⟨

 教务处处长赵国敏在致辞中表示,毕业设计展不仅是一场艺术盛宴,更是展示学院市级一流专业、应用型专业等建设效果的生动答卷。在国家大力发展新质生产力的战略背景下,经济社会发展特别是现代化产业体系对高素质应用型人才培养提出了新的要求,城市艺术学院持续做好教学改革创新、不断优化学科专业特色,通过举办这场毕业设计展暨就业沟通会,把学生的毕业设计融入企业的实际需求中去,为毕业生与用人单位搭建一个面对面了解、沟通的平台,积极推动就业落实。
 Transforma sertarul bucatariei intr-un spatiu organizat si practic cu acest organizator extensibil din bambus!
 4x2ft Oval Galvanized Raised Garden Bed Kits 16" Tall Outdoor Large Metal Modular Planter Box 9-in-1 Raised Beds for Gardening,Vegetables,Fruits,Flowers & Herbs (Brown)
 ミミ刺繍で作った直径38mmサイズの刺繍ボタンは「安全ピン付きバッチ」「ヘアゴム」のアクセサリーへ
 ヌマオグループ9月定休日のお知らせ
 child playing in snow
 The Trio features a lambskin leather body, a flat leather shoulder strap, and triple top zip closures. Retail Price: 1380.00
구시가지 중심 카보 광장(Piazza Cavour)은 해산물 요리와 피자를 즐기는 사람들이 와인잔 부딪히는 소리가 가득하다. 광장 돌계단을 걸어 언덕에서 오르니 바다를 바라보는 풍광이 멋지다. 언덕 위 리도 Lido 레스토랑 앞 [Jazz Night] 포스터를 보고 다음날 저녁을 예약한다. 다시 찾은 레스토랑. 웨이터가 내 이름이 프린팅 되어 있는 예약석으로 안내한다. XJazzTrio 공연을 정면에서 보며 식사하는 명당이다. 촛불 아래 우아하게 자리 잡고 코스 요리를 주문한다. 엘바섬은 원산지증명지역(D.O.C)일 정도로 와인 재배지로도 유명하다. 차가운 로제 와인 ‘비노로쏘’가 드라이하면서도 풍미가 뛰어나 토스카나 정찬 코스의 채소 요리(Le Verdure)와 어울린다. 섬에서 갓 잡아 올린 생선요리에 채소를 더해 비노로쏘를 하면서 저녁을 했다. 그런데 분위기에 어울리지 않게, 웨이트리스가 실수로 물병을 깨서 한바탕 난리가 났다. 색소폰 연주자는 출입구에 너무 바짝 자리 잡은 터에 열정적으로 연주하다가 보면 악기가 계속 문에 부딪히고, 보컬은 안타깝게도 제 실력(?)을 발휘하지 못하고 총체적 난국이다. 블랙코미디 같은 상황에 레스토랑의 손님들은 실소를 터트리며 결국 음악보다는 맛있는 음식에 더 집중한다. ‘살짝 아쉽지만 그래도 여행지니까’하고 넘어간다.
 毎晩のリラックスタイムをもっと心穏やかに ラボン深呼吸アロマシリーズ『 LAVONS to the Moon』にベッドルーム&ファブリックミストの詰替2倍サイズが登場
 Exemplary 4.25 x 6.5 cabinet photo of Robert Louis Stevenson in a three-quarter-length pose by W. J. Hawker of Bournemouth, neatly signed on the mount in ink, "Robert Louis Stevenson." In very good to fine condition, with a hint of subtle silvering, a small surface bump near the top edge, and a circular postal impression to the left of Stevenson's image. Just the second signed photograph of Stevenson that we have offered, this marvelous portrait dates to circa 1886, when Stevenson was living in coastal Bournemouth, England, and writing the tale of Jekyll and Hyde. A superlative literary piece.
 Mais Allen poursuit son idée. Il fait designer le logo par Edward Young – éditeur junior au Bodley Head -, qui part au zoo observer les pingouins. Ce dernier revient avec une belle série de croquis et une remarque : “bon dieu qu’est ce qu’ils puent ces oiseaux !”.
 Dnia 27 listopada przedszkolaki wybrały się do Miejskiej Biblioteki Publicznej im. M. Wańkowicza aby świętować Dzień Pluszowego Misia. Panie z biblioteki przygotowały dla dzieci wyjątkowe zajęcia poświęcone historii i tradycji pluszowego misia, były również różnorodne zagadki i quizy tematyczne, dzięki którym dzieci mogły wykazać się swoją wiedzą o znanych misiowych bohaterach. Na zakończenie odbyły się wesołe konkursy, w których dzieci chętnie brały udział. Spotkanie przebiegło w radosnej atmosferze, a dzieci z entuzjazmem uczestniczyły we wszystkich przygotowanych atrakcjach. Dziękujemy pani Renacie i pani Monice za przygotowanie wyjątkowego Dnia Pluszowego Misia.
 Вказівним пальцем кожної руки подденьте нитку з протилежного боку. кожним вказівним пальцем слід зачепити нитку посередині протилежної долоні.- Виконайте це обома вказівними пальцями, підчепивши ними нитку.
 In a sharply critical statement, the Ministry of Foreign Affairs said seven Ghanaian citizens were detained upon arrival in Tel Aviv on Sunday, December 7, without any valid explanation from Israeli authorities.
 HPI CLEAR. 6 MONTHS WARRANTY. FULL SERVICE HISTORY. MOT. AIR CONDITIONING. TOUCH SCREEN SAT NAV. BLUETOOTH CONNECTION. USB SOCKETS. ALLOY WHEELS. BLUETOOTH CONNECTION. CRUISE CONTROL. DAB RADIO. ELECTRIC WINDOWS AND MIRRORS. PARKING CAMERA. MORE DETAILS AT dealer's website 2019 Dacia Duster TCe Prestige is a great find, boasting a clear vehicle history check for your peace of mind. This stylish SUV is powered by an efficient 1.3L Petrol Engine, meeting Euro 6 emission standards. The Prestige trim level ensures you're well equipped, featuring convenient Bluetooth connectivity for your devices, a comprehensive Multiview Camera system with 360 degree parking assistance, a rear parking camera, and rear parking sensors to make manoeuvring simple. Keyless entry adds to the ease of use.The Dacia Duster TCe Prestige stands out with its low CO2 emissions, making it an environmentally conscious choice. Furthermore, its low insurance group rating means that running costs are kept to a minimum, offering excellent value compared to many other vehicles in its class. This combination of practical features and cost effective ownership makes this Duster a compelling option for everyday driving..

⟩

Copy every record above verbatim and in full.

• OUTPUT FOR THIS EXERCISE:
 教务处处长赵国敏在致辞中表示,毕业设计展不仅是一场艺术盛宴,更是展示学院市级一流专业、应用型专业等建设效果的生动答卷。在国家大力发展新质生产力的战略背景下,经济社会发展特别是现代化产业体系对高素质应用型人才培养提出了新的要求,城市艺术学院持续做好教学改革创新、不断优化学科专业特色,通过举办这场毕业设计展暨就业沟通会,把学生的毕业设计融入企业的实际需求中去,为毕业生与用人单位搭建一个面对面了解、沟通的平台,积极推动就业落实。
 Transforma sertarul bucatariei intr-un spatiu organizat si practic cu acest organizator extensibil din bambus!
 4x2ft Oval Galvanized Raised Garden Bed Kits 16" Tall Outdoor Large Metal Modular Planter Box 9-in-1 Raised Beds for Gardening,Vegetables,Fruits,Flowers & Herbs (Brown)
 ミミ刺繍で作った直径38mmサイズの刺繍ボタンは「安全ピン付きバッチ」「ヘアゴム」のアクセサリーへ
 ヌマオグループ9月定休日のお知らせ
 child playing in snow
 The Trio features a lambskin leather body, a flat leather shoulder strap, and triple top zip closures. Retail Price: 1380.00
구시가지 중심 카보 광장(Piazza Cavour)은 해산물 요리와 피자를 즐기는 사람들이 와인잔 부딪히는 소리가 가득하다. 광장 돌계단을 걸어 언덕에서 오르니 바다를 바라보는 풍광이 멋지다. 언덕 위 리도 Lido 레스토랑 앞 [Jazz Night] 포스터를 보고 다음날 저녁을 예약한다. 다시 찾은 레스토랑. 웨이터가 내 이름이 프린팅 되어 있는 예약석으로 안내한다. XJazzTrio 공연을 정면에서 보며 식사하는 명당이다. 촛불 아래 우아하게 자리 잡고 코스 요리를 주문한다. 엘바섬은 원산지증명지역(D.O.C)일 정도로 와인 재배지로도 유명하다. 차가운 로제 와인 ‘비노로쏘’가 드라이하면서도 풍미가 뛰어나 토스카나 정찬 코스의 채소 요리(Le Verdure)와 어울린다. 섬에서 갓 잡아 올린 생선요리에 채소를 더해 비노로쏘를 하면서 저녁을 했다. 그런데 분위기에 어울리지 않게, 웨이트리스가 실수로 물병을 깨서 한바탕 난리가 났다. 색소폰 연주자는 출입구에 너무 바짝 자리 잡은 터에 열정적으로 연주하다가 보면 악기가 계속 문에 부딪히고, 보컬은 안타깝게도 제 실력(?)을 발휘하지 못하고 총체적 난국이다. 블랙코미디 같은 상황에 레스토랑의 손님들은 실소를 터트리며 결국 음악보다는 맛있는 음식에 더 집중한다. ‘살짝 아쉽지만 그래도 여행지니까’하고 넘어간다.
 毎晩のリラックスタイムをもっと心穏やかに ラボン深呼吸アロマシリーズ『 LAVONS to the Moon』にベッドルーム&ファブリックミストの詰替2倍サイズが登場
 Exemplary 4.25 x 6.5 cabinet photo of Robert Louis Stevenson in a three-quarter-length pose by W. J. Hawker of Bournemouth, neatly signed on the mount in ink, "Robert Louis Stevenson." In very good to fine condition, with a hint of subtle silvering, a small surface bump near the top edge, and a circular postal impression to the left of Stevenson's image. Just the second signed photograph of Stevenson that we have offered, this marvelous portrait dates to circa 1886, when Stevenson was living in coastal Bournemouth, England, and writing the tale of Jekyll and Hyde. A superlative literary piece.
 Mais Allen poursuit son idée. Il fait designer le logo par Edward Young – éditeur junior au Bodley Head -, qui part au zoo observer les pingouins. Ce dernier revient avec une belle série de croquis et une remarque : “bon dieu qu’est ce qu’ils puent ces oiseaux !”.
 Dnia 27 listopada przedszkolaki wybrały się do Miejskiej Biblioteki Publicznej im. M. Wańkowicza aby świętować Dzień Pluszowego Misia. Panie z biblioteki przygotowały dla dzieci wyjątkowe zajęcia poświęcone historii i tradycji pluszowego misia, były również różnorodne zagadki i quizy tematyczne, dzięki którym dzieci mogły wykazać się swoją wiedzą o znanych misiowych bohaterach. Na zakończenie odbyły się wesołe konkursy, w których dzieci chętnie brały udział. Spotkanie przebiegło w radosnej atmosferze, a dzieci z entuzjazmem uczestniczyły we wszystkich przygotowanych atrakcjach. Dziękujemy pani Renacie i pani Monice za przygotowanie wyjątkowego Dnia Pluszowego Misia.
 Вказівним пальцем кожної руки подденьте нитку з протилежного боку. кожним вказівним пальцем слід зачепити нитку посередині протилежної долоні.- Виконайте це обома вказівними пальцями, підчепивши ними нитку.
 In a sharply critical statement, the Ministry of Foreign Affairs said seven Ghanaian citizens were detained upon arrival in Tel Aviv on Sunday, December 7, without any valid explanation from Israeli authorities.
 HPI CLEAR. 6 MONTHS WARRANTY. FULL SERVICE HISTORY. MOT. AIR CONDITIONING. TOUCH SCREEN SAT NAV. BLUETOOTH CONNECTION. USB SOCKETS. ALLOY WHEELS. BLUETOOTH CONNECTION. CRUISE CONTROL. DAB RADIO. ELECTRIC WINDOWS AND MIRRORS. PARKING CAMERA. MORE DETAILS AT dealer's website 2019 Dacia Duster TCe Prestige is a great find, boasting a clear vehicle history check for your peace of mind. This stylish SUV is powered by an efficient 1.3L Petrol Engine, meeting Euro 6 emission standards. The Prestige trim level ensures you're well equipped, featuring convenient Bluetooth connectivity for your devices, a comprehensive Multiview Camera system with 360 degree parking assistance, a rear parking camera, and rear parking sensors to make manoeuvring simple. Keyless entry adds to the ease of use.The Dacia Duster TCe Prestige stands out with its low CO2 emissions, making it an environmentally conscious choice. Furthermore, its low insurance group rating means that running costs are kept to a minimum, offering excellent value compared to many other vehicles in its class. This combination of practical features and cost effective ownership makes this Duster a compelling option for everyday driving..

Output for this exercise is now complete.